REQUIRED ACTION:
Output only the lines from the start of the entries through the line holding "(서울=포커스뉴스) 8일 오전". Each line must match the original exactly.

GIVEN DATA:

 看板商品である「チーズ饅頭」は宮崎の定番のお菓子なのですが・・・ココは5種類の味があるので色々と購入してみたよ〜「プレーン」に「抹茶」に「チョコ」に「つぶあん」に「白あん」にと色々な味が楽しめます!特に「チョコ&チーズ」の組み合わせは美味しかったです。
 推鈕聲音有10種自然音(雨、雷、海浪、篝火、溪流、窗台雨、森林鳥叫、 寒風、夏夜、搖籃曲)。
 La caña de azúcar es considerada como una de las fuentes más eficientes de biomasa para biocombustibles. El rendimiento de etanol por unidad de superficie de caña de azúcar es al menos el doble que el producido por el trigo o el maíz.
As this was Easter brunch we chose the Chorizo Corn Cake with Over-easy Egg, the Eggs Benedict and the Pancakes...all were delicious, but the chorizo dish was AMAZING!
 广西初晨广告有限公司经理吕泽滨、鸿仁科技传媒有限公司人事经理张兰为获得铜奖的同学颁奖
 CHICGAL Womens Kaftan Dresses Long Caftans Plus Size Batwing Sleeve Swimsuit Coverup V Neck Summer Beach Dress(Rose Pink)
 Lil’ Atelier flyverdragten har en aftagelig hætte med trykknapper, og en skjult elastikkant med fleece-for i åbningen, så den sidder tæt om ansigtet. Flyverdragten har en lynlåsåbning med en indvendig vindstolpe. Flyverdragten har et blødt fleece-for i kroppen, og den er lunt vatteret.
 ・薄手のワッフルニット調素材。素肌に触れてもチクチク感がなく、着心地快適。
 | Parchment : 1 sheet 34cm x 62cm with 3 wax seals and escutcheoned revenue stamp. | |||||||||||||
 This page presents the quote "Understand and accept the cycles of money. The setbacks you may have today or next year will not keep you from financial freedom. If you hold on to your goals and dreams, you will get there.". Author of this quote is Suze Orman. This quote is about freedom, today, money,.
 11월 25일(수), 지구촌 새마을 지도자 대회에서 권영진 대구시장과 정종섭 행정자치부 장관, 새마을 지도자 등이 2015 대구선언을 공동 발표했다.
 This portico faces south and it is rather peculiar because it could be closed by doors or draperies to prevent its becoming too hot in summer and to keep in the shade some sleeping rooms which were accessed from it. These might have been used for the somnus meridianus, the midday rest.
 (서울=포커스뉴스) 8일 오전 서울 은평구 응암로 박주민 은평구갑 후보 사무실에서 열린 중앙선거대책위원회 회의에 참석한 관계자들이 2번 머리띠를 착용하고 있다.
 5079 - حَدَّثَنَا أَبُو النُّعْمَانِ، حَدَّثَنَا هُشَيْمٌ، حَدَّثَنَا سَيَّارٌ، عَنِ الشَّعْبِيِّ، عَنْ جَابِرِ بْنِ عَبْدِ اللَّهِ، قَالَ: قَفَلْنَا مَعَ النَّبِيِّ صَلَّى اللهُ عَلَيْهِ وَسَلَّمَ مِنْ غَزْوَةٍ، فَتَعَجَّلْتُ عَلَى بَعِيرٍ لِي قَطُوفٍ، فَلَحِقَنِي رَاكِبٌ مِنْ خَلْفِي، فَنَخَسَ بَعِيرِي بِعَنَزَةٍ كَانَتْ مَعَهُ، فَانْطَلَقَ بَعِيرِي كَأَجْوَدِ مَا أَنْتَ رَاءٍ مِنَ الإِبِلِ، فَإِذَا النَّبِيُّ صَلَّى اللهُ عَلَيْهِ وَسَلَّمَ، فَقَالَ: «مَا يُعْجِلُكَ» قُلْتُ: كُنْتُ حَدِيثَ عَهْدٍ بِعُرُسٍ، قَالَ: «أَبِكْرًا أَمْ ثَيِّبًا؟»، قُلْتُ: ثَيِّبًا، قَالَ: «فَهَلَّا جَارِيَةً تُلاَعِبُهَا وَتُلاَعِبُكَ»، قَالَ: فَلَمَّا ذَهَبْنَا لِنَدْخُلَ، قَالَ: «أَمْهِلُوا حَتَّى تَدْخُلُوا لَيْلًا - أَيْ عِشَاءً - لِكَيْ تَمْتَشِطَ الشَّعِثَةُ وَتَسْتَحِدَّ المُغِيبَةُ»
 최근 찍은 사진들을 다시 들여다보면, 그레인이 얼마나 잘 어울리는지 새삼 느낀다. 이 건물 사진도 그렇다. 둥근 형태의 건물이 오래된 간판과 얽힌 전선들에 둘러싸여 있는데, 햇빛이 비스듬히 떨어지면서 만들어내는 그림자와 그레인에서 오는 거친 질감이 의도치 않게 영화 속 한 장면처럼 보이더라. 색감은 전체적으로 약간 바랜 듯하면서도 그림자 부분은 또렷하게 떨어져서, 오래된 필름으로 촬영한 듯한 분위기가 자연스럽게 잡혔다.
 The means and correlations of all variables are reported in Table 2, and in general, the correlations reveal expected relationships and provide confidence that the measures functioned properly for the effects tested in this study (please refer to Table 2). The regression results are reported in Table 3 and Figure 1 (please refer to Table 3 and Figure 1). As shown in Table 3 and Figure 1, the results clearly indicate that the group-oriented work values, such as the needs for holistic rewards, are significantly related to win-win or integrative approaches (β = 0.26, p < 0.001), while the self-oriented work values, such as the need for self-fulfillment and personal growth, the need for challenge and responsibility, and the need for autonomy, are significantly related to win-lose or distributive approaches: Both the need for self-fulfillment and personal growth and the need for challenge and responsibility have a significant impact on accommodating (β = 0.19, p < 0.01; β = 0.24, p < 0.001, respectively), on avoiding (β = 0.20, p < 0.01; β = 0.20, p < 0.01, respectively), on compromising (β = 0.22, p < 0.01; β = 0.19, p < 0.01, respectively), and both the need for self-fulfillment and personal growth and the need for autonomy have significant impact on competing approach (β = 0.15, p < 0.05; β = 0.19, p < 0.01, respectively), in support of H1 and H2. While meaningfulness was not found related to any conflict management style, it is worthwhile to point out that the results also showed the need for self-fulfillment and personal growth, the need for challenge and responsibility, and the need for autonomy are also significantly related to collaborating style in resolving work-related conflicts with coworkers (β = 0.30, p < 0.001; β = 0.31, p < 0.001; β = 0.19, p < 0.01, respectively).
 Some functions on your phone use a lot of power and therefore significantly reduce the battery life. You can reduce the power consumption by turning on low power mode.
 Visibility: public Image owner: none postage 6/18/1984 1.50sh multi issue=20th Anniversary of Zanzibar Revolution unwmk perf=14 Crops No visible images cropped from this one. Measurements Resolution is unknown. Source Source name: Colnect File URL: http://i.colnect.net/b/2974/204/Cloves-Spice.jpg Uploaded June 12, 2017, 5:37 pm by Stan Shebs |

SOLUTION TO THIS PROBLEM:
 看板商品である「チーズ饅頭」は宮崎の定番のお菓子なのですが・・・ココは5種類の味があるので色々と購入してみたよ〜「プレーン」に「抹茶」に「チョコ」に「つぶあん」に「白あん」にと色々な味が楽しめます!特に「チョコ&チーズ」の組み合わせは美味しかったです。
 推鈕聲音有10種自然音(雨、雷、海浪、篝火、溪流、窗台雨、森林鳥叫、 寒風、夏夜、搖籃曲)。
 La caña de azúcar es considerada como una de las fuentes más eficientes de biomasa para biocombustibles. El rendimiento de etanol por unidad de superficie de caña de azúcar es al menos el doble que el producido por el trigo o el maíz.
As this was Easter brunch we chose the Chorizo Corn Cake with Over-easy Egg, the Eggs Benedict and the Pancakes...all were delicious, but the chorizo dish was AMAZING!
 广西初晨广告有限公司经理吕泽滨、鸿仁科技传媒有限公司人事经理张兰为获得铜奖的同学颁奖
 CHICGAL Womens Kaftan Dresses Long Caftans Plus Size Batwing Sleeve Swimsuit Coverup V Neck Summer Beach Dress(Rose Pink)
 Lil’ Atelier flyverdragten har en aftagelig hætte med trykknapper, og en skjult elastikkant med fleece-for i åbningen, så den sidder tæt om ansigtet. Flyverdragten har en lynlåsåbning med en indvendig vindstolpe. Flyverdragten har et blødt fleece-for i kroppen, og den er lunt vatteret.
 ・薄手のワッフルニット調素材。素肌に触れてもチクチク感がなく、着心地快適。
 | Parchment : 1 sheet 34cm x 62cm with 3 wax seals and escutcheoned revenue stamp. | |||||||||||||
 This page presents the quote "Understand and accept the cycles of money. The setbacks you may have today or next year will not keep you from financial freedom. If you hold on to your goals and dreams, you will get there.". Author of this quote is Suze Orman. This quote is about freedom, today, money,.
 11월 25일(수), 지구촌 새마을 지도자 대회에서 권영진 대구시장과 정종섭 행정자치부 장관, 새마을 지도자 등이 2015 대구선언을 공동 발표했다.
 This portico faces south and it is rather peculiar because it could be closed by doors or draperies to prevent its becoming too hot in summer and to keep in the shade some sleeping rooms which were accessed from it. These might have been used for the somnus meridianus, the midday rest.
 (서울=포커스뉴스) 8일 오전 서울 은평구 응암로 박주민 은평구갑 후보 사무실에서 열린 중앙선거대책위원회 회의에 참석한 관계자들이 2번 머리띠를 착용하고 있다.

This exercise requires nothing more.